”
“我算过。如果那批银子还在,太子的事还在,一定会有人来找我。只是我没算到,来的会这么晚。”他看了乌以灵一眼,又把目光移开,“渡已经把名单给你们了?”
“给了。名单是真的,可名单上的人已经不在了。他的后人还活着,还在等一个结果。”
宋先生安静了一会儿。
“名单是真的。可名单上的人,不全是被杀的。有一部分,是自己隐姓埋名活下来的。他们手里还有东西,只是不敢交出来。”

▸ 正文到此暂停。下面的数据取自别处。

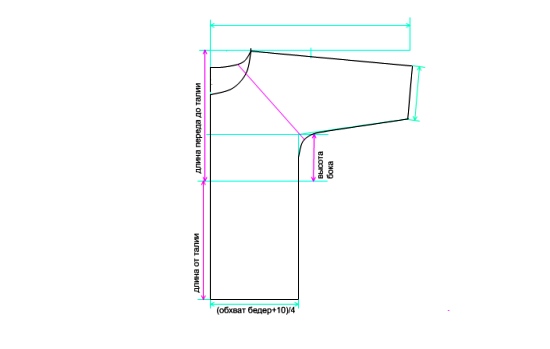 - От линии плеча откладывается пройма — четверть мерки линии бедер;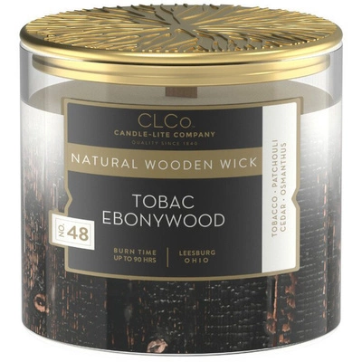 Duża świeca zapachowa w szkle z drewnianym knotem Tobac Ebonywood Candle-lite 396 g

他的声音低下去,“因为他们怕的不是齐王,也不是皇后,是另一个人。那个人,至今还在京城。”
屋里安静了一瞬。风从窗缝里渗进来,吹动檐下那串干海带,发出一声干涩的轻响。
乌以灵看着他。“那个人,是谁?”
“是当年替太子写奏章的人。姓陈。他比太子幕僚中任何一个人都更靠近那个位置。可他在太子倒台之后,第一个抽身走了。”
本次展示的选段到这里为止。